SS Recruiting Poster for the Netherlands, urging Dutch people to "join the fight against Bolshevism."

Thousands of Dutch volunteers joined the 11th SS Volunteer Panzergrenadier Division Nordland (created in February 1943). The division participated in fighting against the Soviet army and was crushed in the Battle of Berlin in April–May 1945.

This was also the case for the 5th SS Panzergrenadier Division Wiking. It was involved in several major battles on the Eastern Front.

SS-Freiwilligen Legion Niederlande, manned by Dutch volunteers and German officers, battled the Soviet army from 1941. In December 1943, it gained brigade status after fighting on the front around Leningrad. It was at Leningrad that the first European volunteer, a Dutchman, earned the Knight's Cross of the Iron Cross: Gerardus Mooyman. In December 1944, it was transformed into the 23rd SS Volunteer Panzergrenadier Division Nederland and fought in Courland and Pomerania.[3] It found its end scattered across Germany. 49. SS-Freiwilligen-Panzergrenadier-Regiment "de Ruyter" fought at the Oder and surrendered on 3 May 1945 to the Americans. 48. SS-Freiwilligen-Panzergrenadier-Regiment "General Seyffardt" however was split up into two groups.
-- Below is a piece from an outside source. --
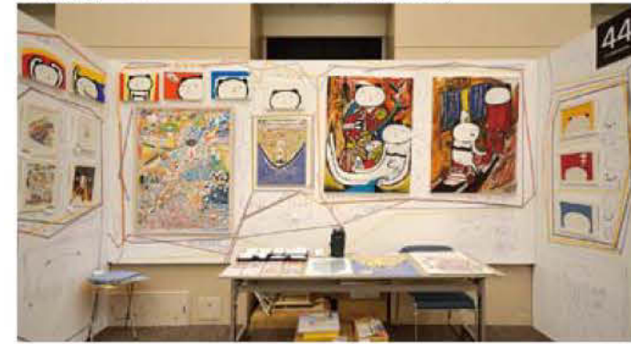
44 ハンダ絵師 あこぼん
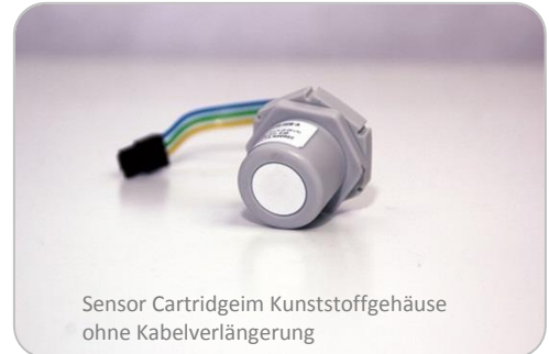
Sensor Cartridge im Kunststoffgehäuse ohne Kabelverlängerung

The first of these fought with Kampfgruppe Vieweger and went under in the fighting near Halbe. The few remaining survivors were captured by the Soviets. The other half of "General Seyffart" fought with Korpsgruppe Tettau and surrendered to the western Allies. During the war famous actor and singer Johannes Heesters made his career in Nazi-Germany, befriending high-ranking Nazis such as Joseph Goebbels and living in houses stolen from wealthy Jews.[37]

Norway

In Norway, the national government, headed by Vidkun Quisling, was installed by the Germans as a puppet regime during the occupation, while king Haakon VII and the previous government were in exile. He encouraged Norwegians to serve as volunteers in the Waffen-SS, collaborating in the deportation of Jews, and was responsible for the executions of Norwegian patriots.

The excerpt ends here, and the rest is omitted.